Start of Data for this exercise

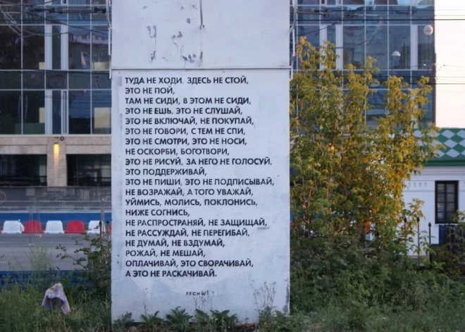В новой работе, созданной на опоре пешеходного моста через железную дорогу около завода Шпагина, художник написал правила современной российской жизни. Вот некоторые из них: “Туда не ходи, здесь не стой, это не пой”, “это не говори, с тем не спи”, “это не смотри, это не носи", “это не рисуй, за него не голосуй”, “это поддерживай, это не пиши, это не подписывай”, “не возражай, а того уважай”, “не рассуждай, не перегибай", “не думай, не вздумай", "рожай, не мешай”, “не скорби, боготвори”.
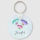 Un llavero con un diseño de bonito. 3 mariposas acuarelas, rosas, violetas y verdes. Un fondo acuático azul claro con toques de rosa claro.
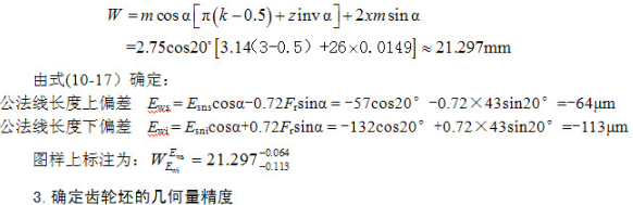 由于测量公法线长度比测量齿原方便,且测量精度相对较高,因此,设计时常常用给定公法线长度极限偏差方法来评定齿轮侧隙。公法线长度的上、下偏差
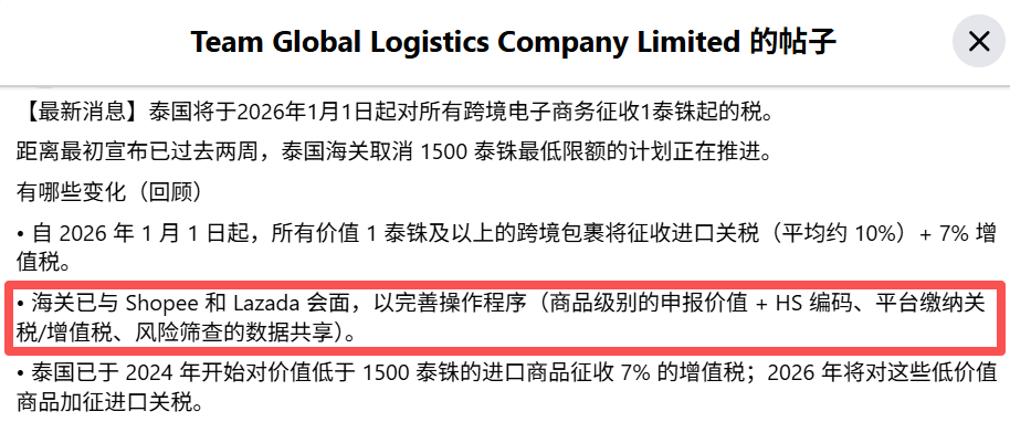自2026年1月1日起,泰国小额进口免税政策彻底终结。所有低价值进口(低于 1500 泰铢)商品将被征收10%的关税,并同步课征增值税与消费税,以此抑制低价劣质商品涌入泰国市场。
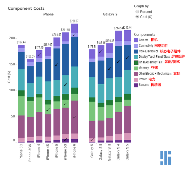蘋果三星手機硬件構成:iPhone 6成本高于S5
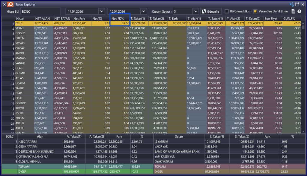 Takas Explorer analizine NET FD% kolonu eklendi. #
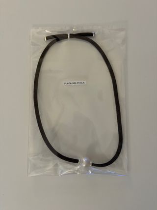 Elegante collar corto de la marca Uno de 50. Medidas 43 cm. Tiene una extensión de 4cm que sé pueden sacar - Diseño con cordón negro. - Detalle central de perla. - Cierre y cadena de ajuste en plata.
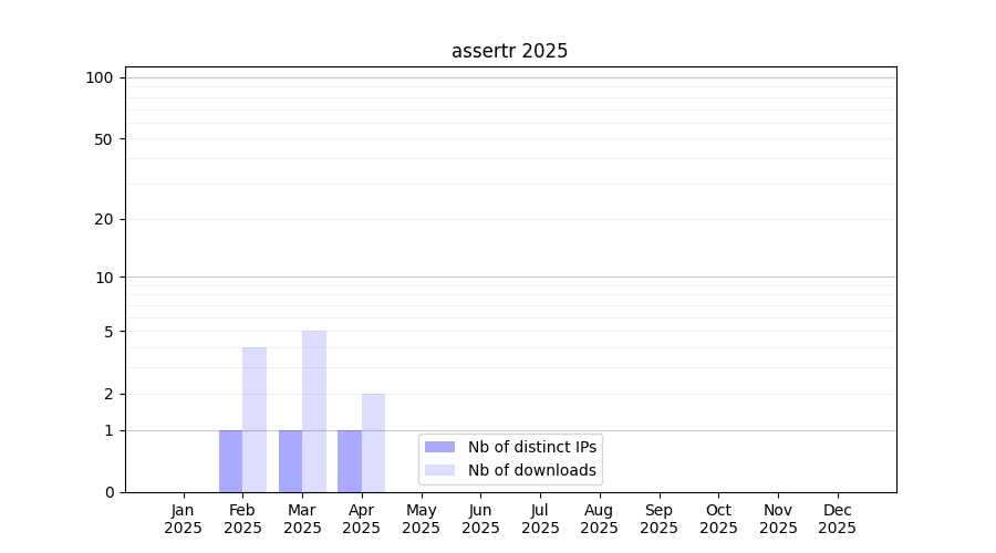 Number of downloads for experiment package assertr, year by year, from 2025 back to 2014 (years with no downloads are omitted):
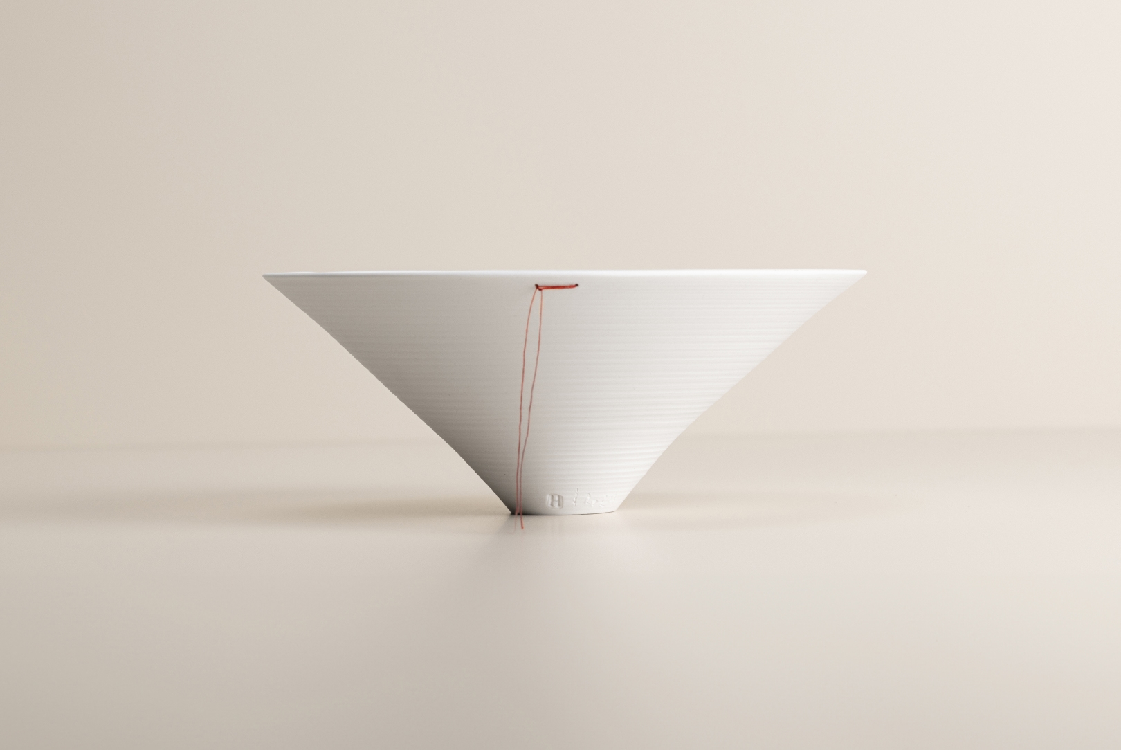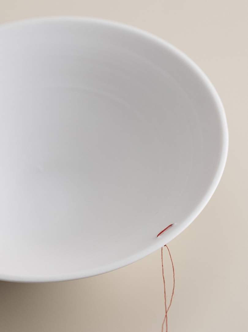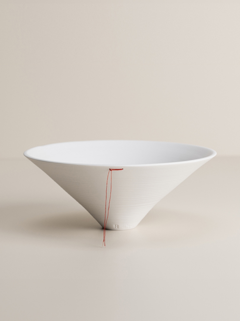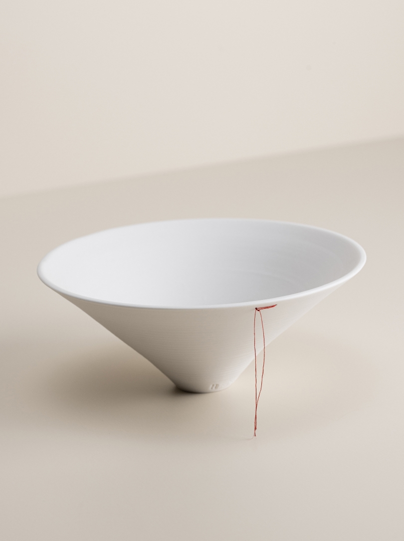 Somewhat resembling an inverted pyramid with a blunt tip, which forms the narrow base, this white translucent porcelain vessel has a majestic presence. The sharply ascending sides, lined with grooves, come together to form a perfect circle; only a tiny red stitch of the artist’s thread punctuates the smooth material near the lip, its end hanging long and loose.
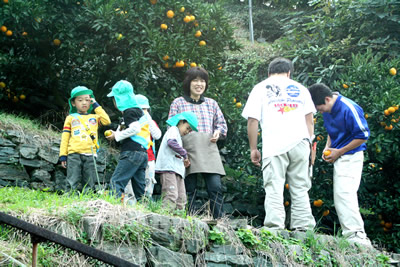 日頃から交流を深めている川之石保育園の皆さんを迎えて、みかんの収穫を楽しみました。園児たちは段々畑に昇り、高校生の話を聞きながら、きれいに色づいた果実を1つ1つ丁寧にハサミで摘み取りました。 もちろん、甘酸っぱいみかんの味も十分楽しむことができました。 |
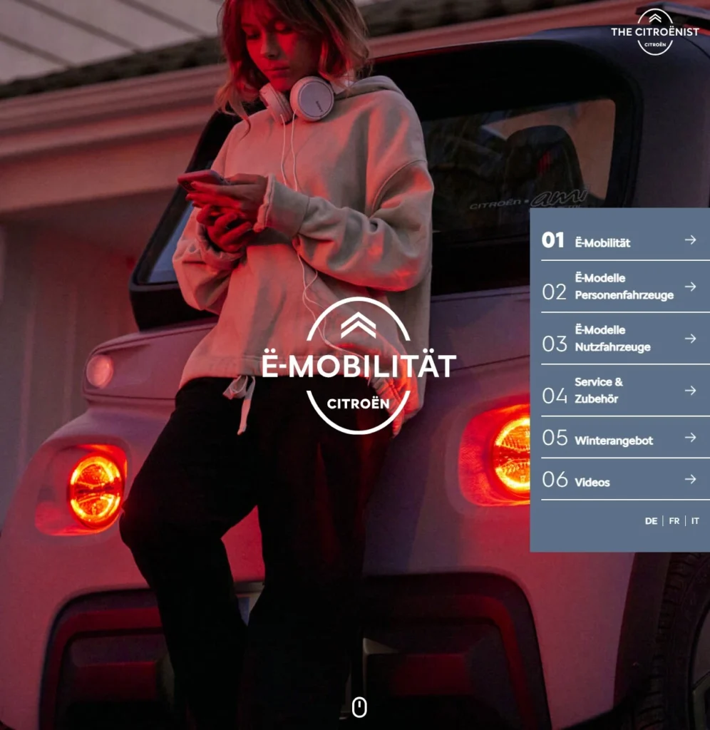 Ein digitales Magazin für Citroën gestalten und coden, das mit Mythen rund um die Elektromobilität aufräumt, die E-Modelle von Citroën richtig gut in Szene setzt und dabei auch noch Spaß macht.
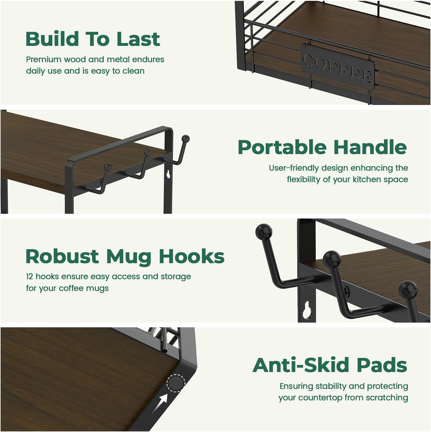 - Spacious Dual-Tier Storage: Transform your home coffee station with EsLuker.ly’s coffee cup holder for countertop, featuring two-tier shelves and 12 mug hooks. This design provides ample space for all your coffee essentials, meeting the storage needs of any family kitchen or office coffee station

End of Data for this exercise

Copy out the preceding entries without a single change, leaving out the pictures.

В новой работе, созданной на опоре пешеходного моста через железную дорогу около завода Шпагина, художник написал правила современной российской жизни. Вот некоторые из них: “Туда не ходи, здесь не стой, это не пой”, “это не говори, с тем не спи”, “это не смотри, это не носи", “это не рисуй, за него не голосуй”, “это поддерживай, это не пиши, это не подписывай”, “не возражай, а того уважай”, “не рассуждай, не перегибай", “не думай, не вздумай", "рожай, не мешай”, “не скорби, боготвори”.
 Un llavero con un diseño de bonito. 3 mariposas acuarelas, rosas, violetas y verdes. Un fondo acuático azul claro con toques de rosa claro.
 由于测量公法线长度比测量齿原方便,且测量精度相对较高,因此,设计时常常用给定公法线长度极限偏差方法来评定齿轮侧隙。公法线长度的上、下偏差
自2026年1月1日起,泰国小额进口免税政策彻底终结。所有低价值进口(低于 1500 泰铢)商品将被征收10%的关税,并同步课征增值税与消费税,以此抑制低价劣质商品涌入泰国市场。
蘋果三星手機硬件構成:iPhone 6成本高于S5
 Takas Explorer analizine NET FD% kolonu eklendi. #
 Elegante collar corto de la marca Uno de 50. Medidas 43 cm. Tiene una extensión de 4cm que sé pueden sacar - Diseño con cordón negro. - Detalle central de perla. - Cierre y cadena de ajuste en plata.
 Number of downloads for experiment package assertr, year by year, from 2025 back to 2014 (years with no downloads are omitted):
 Somewhat resembling an inverted pyramid with a blunt tip, which forms the narrow base, this white translucent porcelain vessel has a majestic presence. The sharply ascending sides, lined with grooves, come together to form a perfect circle; only a tiny red stitch of the artist’s thread punctuates the smooth material near the lip, its end hanging long and loose.
 日頃から交流を深めている川之石保育園の皆さんを迎えて、みかんの収穫を楽しみました。園児たちは段々畑に昇り、高校生の話を聞きながら、きれいに色づいた果実を1つ1つ丁寧にハサミで摘み取りました。 もちろん、甘酸っぱいみかんの味も十分楽しむことができました。 |
 Ein digitales Magazin für Citroën gestalten und coden, das mit Mythen rund um die Elektromobilität aufräumt, die E-Modelle von Citroën richtig gut in Szene setzt und dabei auch noch Spaß macht.
 - Spacious Dual-Tier Storage: Transform your home coffee station with EsLuker.ly’s coffee cup holder for countertop, featuring two-tier shelves and 12 mug hooks. This design provides ample space for all your coffee essentials, meeting the storage needs of any family kitchen or office coffee station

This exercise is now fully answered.